- _WHAT THE TASK ASKS_
Return all the lines below exactly. Any picture among them is omitted.

- _SUPPLIED MATERIAL_
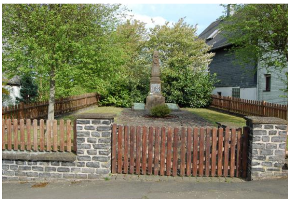
Ehrenmal im historischen Ortszentrum neben dem Privatgebäude mit Backhaus.
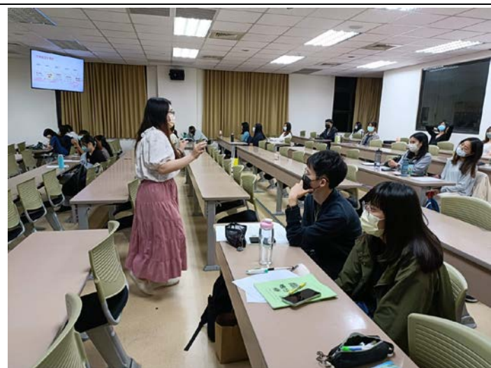
講師與同學互動過程
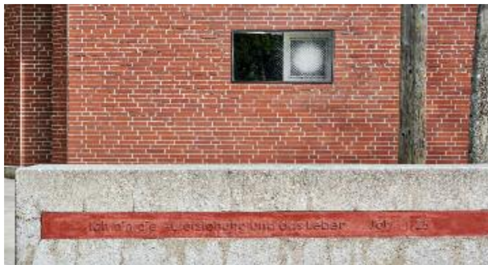
AUSSENANSICHT MIT KREUZWEG, STATION AUFERSTEHUNG

- _PROBLEM SOLUTION_
Ehrenmal im historischen Ortszentrum neben dem Privatgebäude mit Backhaus.
講師與同學互動過程
AUSSENANSICHT MIT KREUZWEG, STATION AUFERSTEHUNG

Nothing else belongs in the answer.